Wall Street Journal: We Belong to Murdoch
News Corp. Secures Votes from Dow Jones’ Bancroft Family
By Mike Farrell -- Multichannel News, 7/31/2007 12:26:00 PM
News Corp. chairman Rupert Murdoch may have finally realized his dream to own The Wall Street Journal after the paper reported that the media giant has apparently secured enough votes from the Journal’s ruling Bancroft family.
According to the online edition of the Journal, Bancroft family members owning at least 38% of the vote of Dow Jones, the newspaper’s parent, voted in favor of News Corp.’s $5 billion buyout bid.

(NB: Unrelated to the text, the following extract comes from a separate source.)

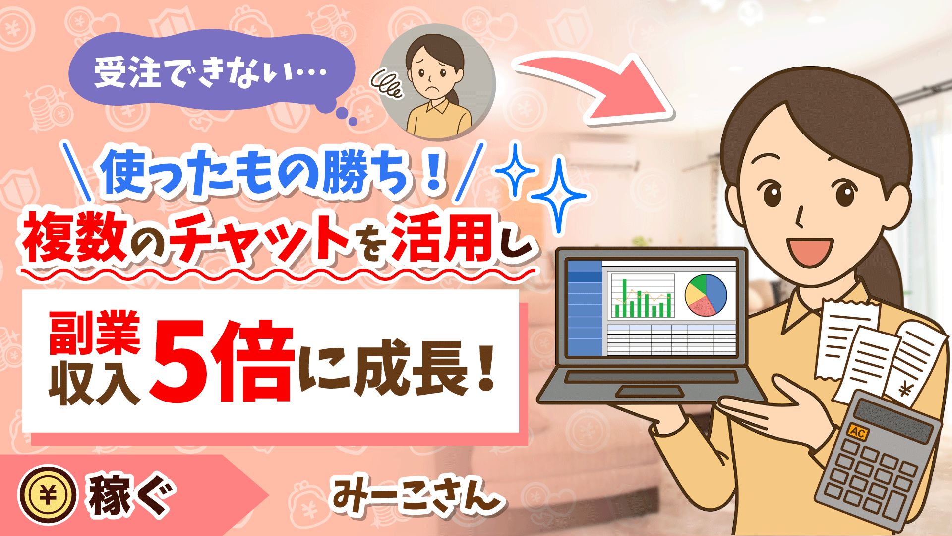 「もう少し稼げるようになりたい」と感じ、リベシティのチャットとスキルマーケットを活用。再入会からわずか4ヶ月で副業収入を月15万円まで伸ばしています。そんなみーこさんの体験談をお聞きしました。
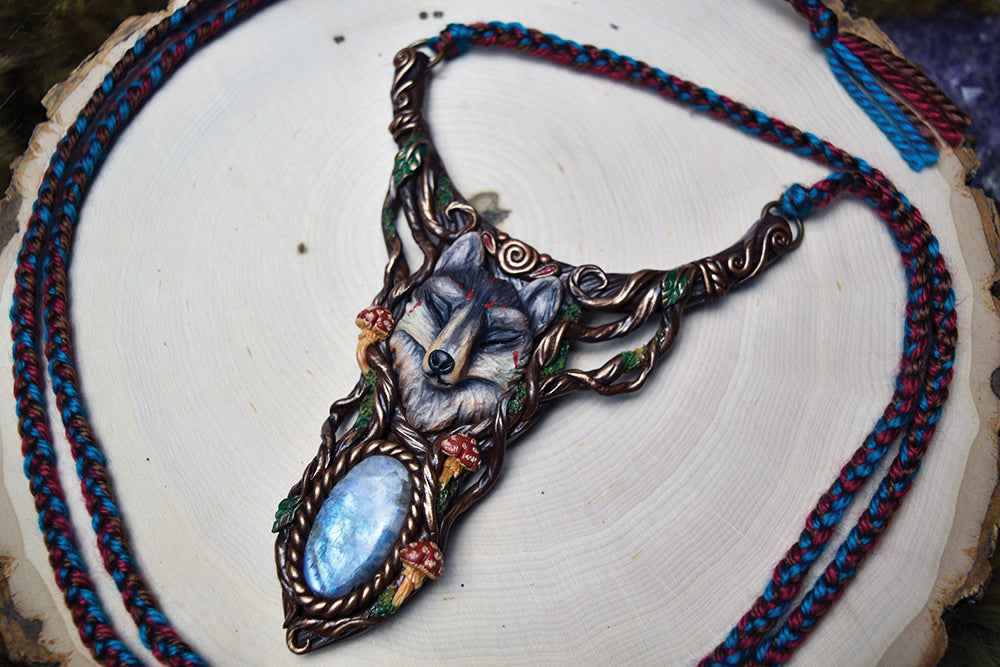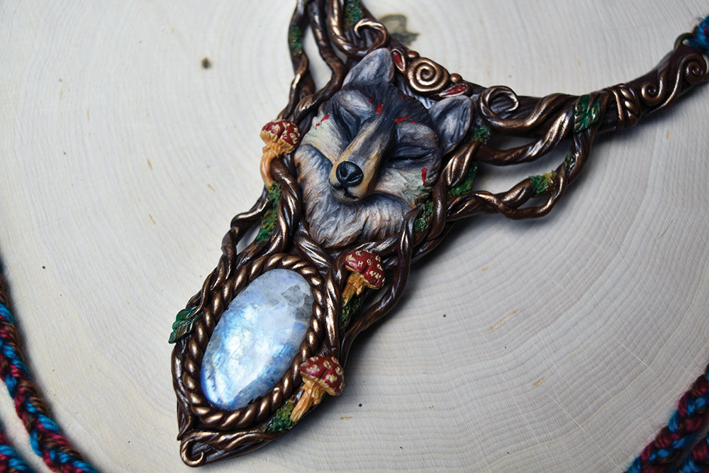 A hand-sculpted polymer clay necklace that features a wolf with a beautiful moonstone.

After weeks of back-and-forth negotiations -- with several family members vehemently opposed to a sale to News Corp. -- the media giant apparently secured the necessary votes by agreeing to cover costs incurred by the family (mainly for advisers) to evaluate the deal. The Journal estimated those costs to be about $30 million.
The Bancroft family controls about 64.2% of the votes of Dow Jones, but News Corp. needed roughly one-half of that to secure a deal. It is expected that the overwhelming majority of non-Bancroft-family shareholders would approve the News Corp. offer, which, at the time it was made in May, was a 60% premium to Dow Jones’ stock price. The Dow Jones board of directors approved the News Corp. deal July 17.
According to a Reuters report Tuesday, Dow Jones Indexes editor and executive director John Prestbo told reporters in Chicago that the Bancroft family has accepted the News Corp. offer and that Dow Jones “will be part of News Corp.” Reuters said Prestbo was citing an internal company memo.
Shares of Dow Jones rose 11.8%, or $5.87 per share, to $57.43 in early trading Tuesday, as news broke that a deal was closer to reality.
According to the Journal, News Corp. scheduled a 4 p.m. board of directors meeting Tuesday to discuss its next step. Dow Jones’ board is expected to meet later this evening, the Journal reported.
Gaining the Journal is expected to add significant cachet to News Corp.’s fledgling Fox Business Network, which is scheduled to launch in 30 million homes in October.
Still up in the air is whether the Journal will continue its relationship with cable business channel CNBC, which uses Journal reporters and editors throughout its programming lineup as part of an agreement that expires in about four years.
News Corp. could buy out the CNBC contract, but some reports have claimed that CNBC has no desire to let the Journal out of its contract.